Les jeux d’argents en ligne et même dans les casinos en salle se sont aujourd’hui propagés à l’échelle mondiale. Des sommes colossales sont mises en jeu , sur gorillacasino par exemple,avec des parieurs de plus en plus rusés, d’où l’implication de certains États pour réguler et contrôler. Par ailleurs, il faut signaler que Pokerstars est la plus grande salle de jeu en ligne et qu’avec l’achat d’Oldford Group et de tous ses actifs, dont Pokerstars  par Amaya Gaming Group Inc , un enjeu de taille se dessine à l’horizon. Des questions multiples et complexes ont à cet effet émergé, car l’inquiétude est manifeste.

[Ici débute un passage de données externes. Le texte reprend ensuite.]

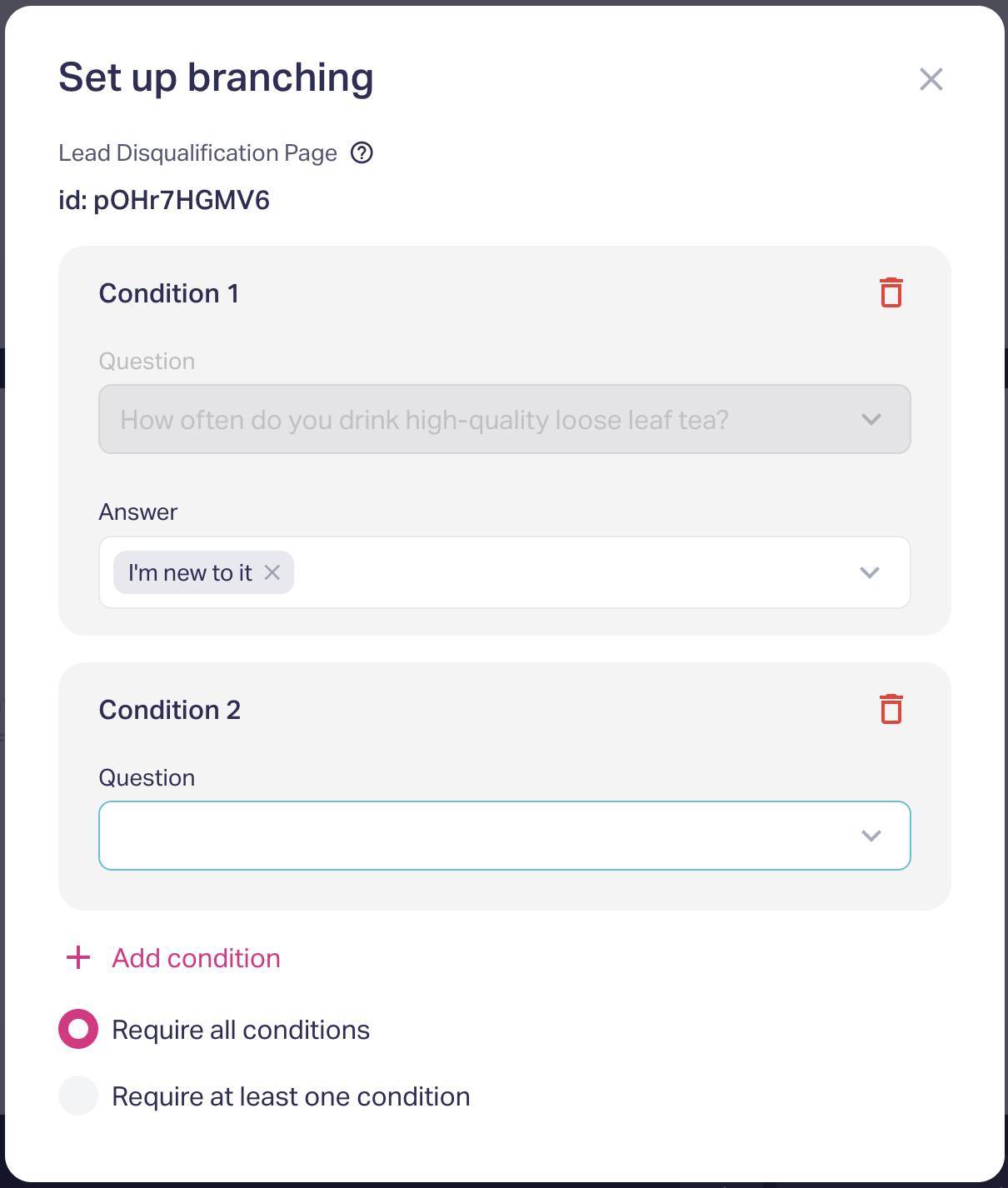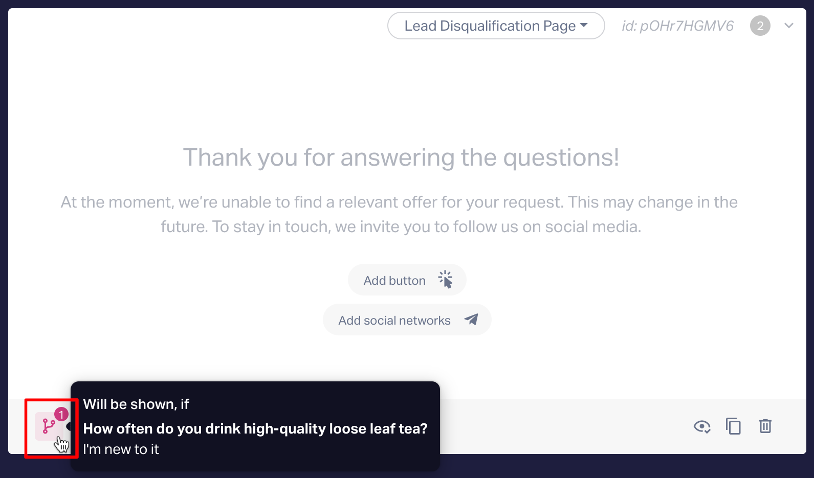 To make the Lead Disqualification Page appear, you must configure branching conditions.
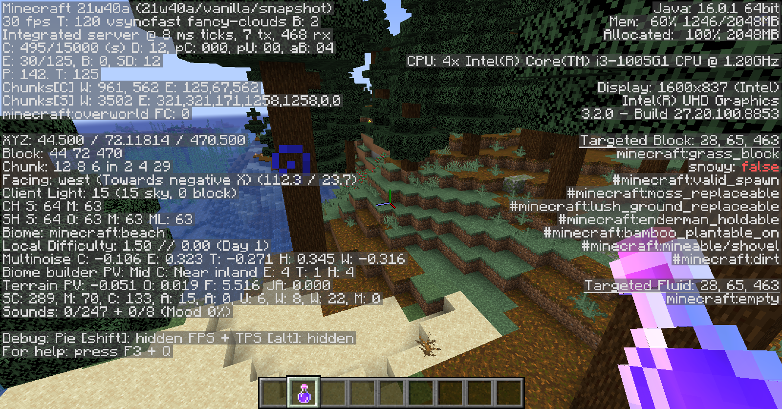 This is different from the non-cave biome overlap issue found in 21w39a and before. In these versions, the overlapping biomes extended far into the "original" biomes, while in 21w40a, this overlap only occurs at the biomes edges. This means that if you were to walk a few blocks into the aforementioned taiga, it would no longer overlap with any non-cave biomes.
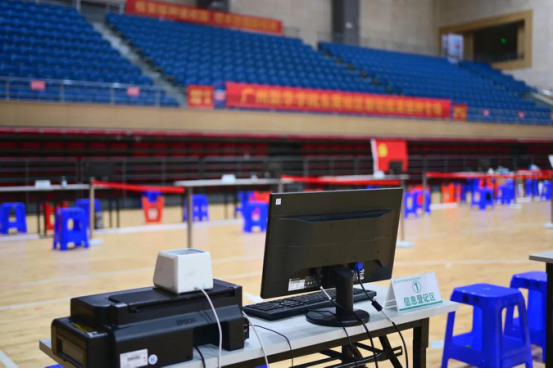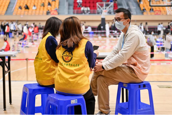 体育馆内设有健康咨询区、信息登记区、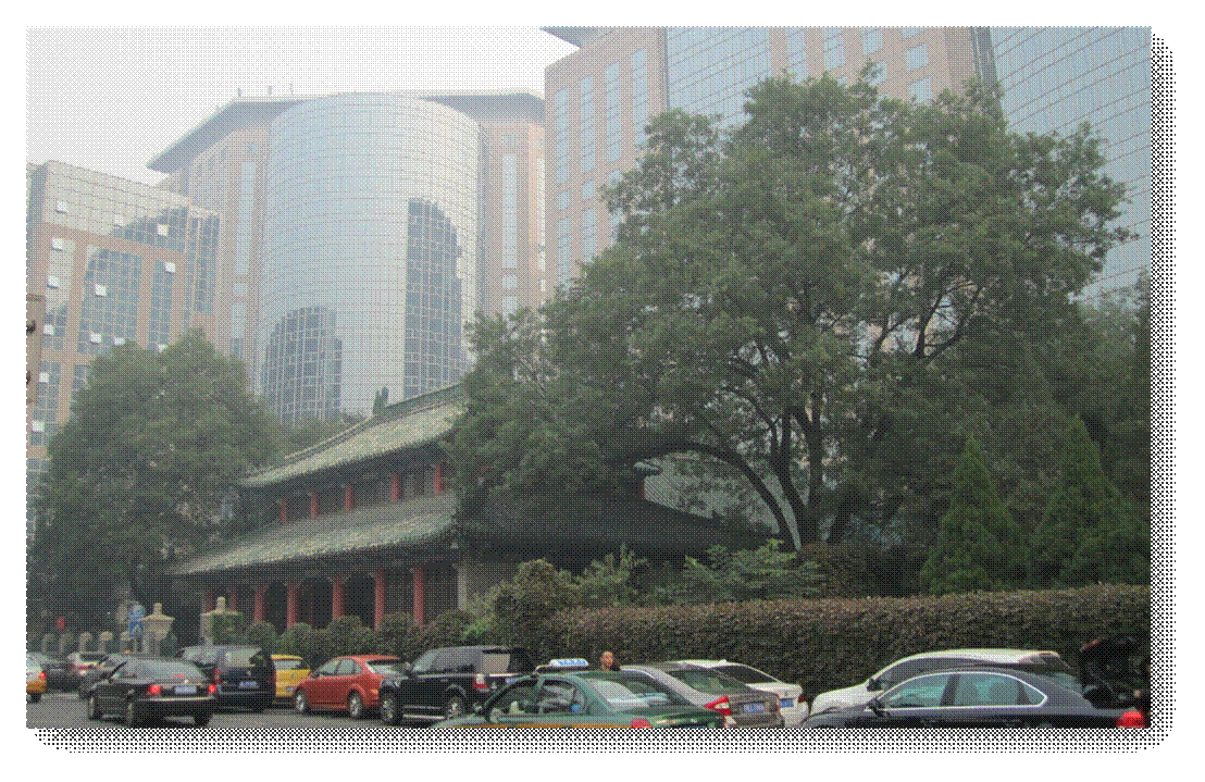 这张照片是我自己拍的,前面这个应该是庑殿顶的建筑吧,这是协和医学院,后面的大玻璃外墙的是东方新天地,咱们通常看到的东方新天地都是从长安街上一侧,是它朝南的一面,这是它朝北的一侧。协和医院是一个古香古色的、中国传统风格的建筑,但是它的背景却是一个美国式的摩天大楼。我不认为这是一种成功的混搭,反而觉得是一个非常失败的开发。单独拿出来这个建筑来说,它们都没得说,但是因为它是个房子,它周围是要有邻居的,那和这个邻居放在一起,我觉得这个房子就不该在这里,除非把周围的邻居都搬走。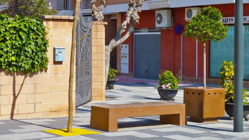 Por último, al banco Laderas® se le unieron después otros elementos como la jardinera y la papelera Laderas.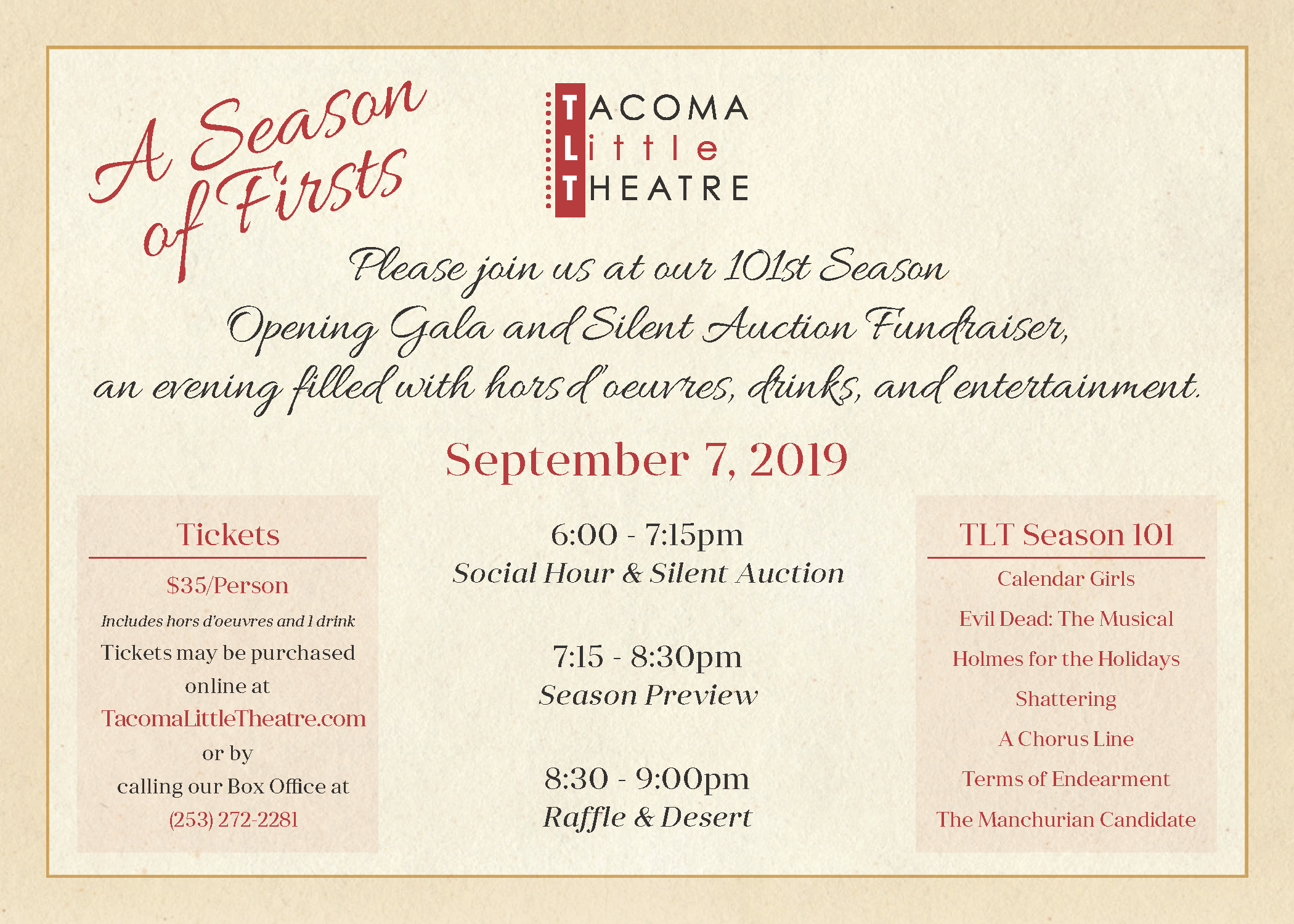 TACOMA LITTLE THEATRE presents their 101ST Season OPENING GALA

Les conséquences inévitables

Le jeudi 12 juin 2014 est marqué par un début de réflexions douteuses sur les impacts de la transaction en cours pour l’achat de Pokerstars pour un montant estimé à 4.9 milliards de dollars. Qu’il s’agisse des joueurs ou de l’industrie des jeux d’argent ou jeux de hasard, il est certain que des dégâts se feront sentir à tous les niveaux sur les deux parties. L’accord passé entre les différentes parties stipule clairement que la famille Scheinberg  doit se retirer. La première conséquence de cet achat est le retour de Pokerstars au pays de l’oncle Sam. C’est dire alors que la première conséquence de cet achat tend vers le retour inévitable de Pokerstars aux USA. D’autres conséquences d’ordre juridique ou constitutionnel attendent sans doute Pokerstars. En rappel, récemment, un professeur de droit à Harvard, Laurence H. Tribe, a soutenu PokerStars en émettant des doutes sur la constitutionnalité de la clause « bad actor ». La question est donc posée : faut-il privilégier la protection des consommateurs ou l’éventuel appât du gain ? Il est clair que Pokerstars a presque un pied sur la terre de l’oncle Sam, cependant il demeure que son champ d’action est très limité. L’enjeu est de taille, car rien n’est encore certain, on ne sait pas encore si la Californie adoptera ou pas, dans son texte définitif la clause « bad actor ». Si tel est le cas, Pokerstars sera chassé dans un État stratégique et commercial en ce qui concerne les jeux en ligne, les jeux d’argent. En conséquence, Pokerstars est confronté à de vrais problèmes constitutionnels et législatifs.

L’absence de Pokerstars  sur une partie du marché

L’incertitude sur l’accès aux services de jeux en ligne ou aux tables fournis par Pokerstars dans certains états américains se précise. Par contre, il faudra encore attendre pour donner suite à ce suspense et jouer au casino. Des propos de Steve Day, le Directeur des opérations de PokerStars, a récemment conclu l’une de ses déclarations sur le forum 2+2 que pour ceux d’entre eux qui se trouvent au New Jersey, il espère les voir bientôt aux tables. Il faudra très probablement attendre encore un bon moment avant qu’il ne s’adresse directement aux joueurs des autres États. Certes Pokerstars retourne sur le sol américain, mais son périmètre risque d’être restreint, voire compromis. Sachant que Las Vegas est la ville mère des jeux d’argents et que les meilleurs casinos s’y trouvent, Pokerstars doit relever le défi en se positionnant pour copter une clientèle et proposer des services appropriés. Le cas échéant, il encourt d’énormes risques pour sa renommée.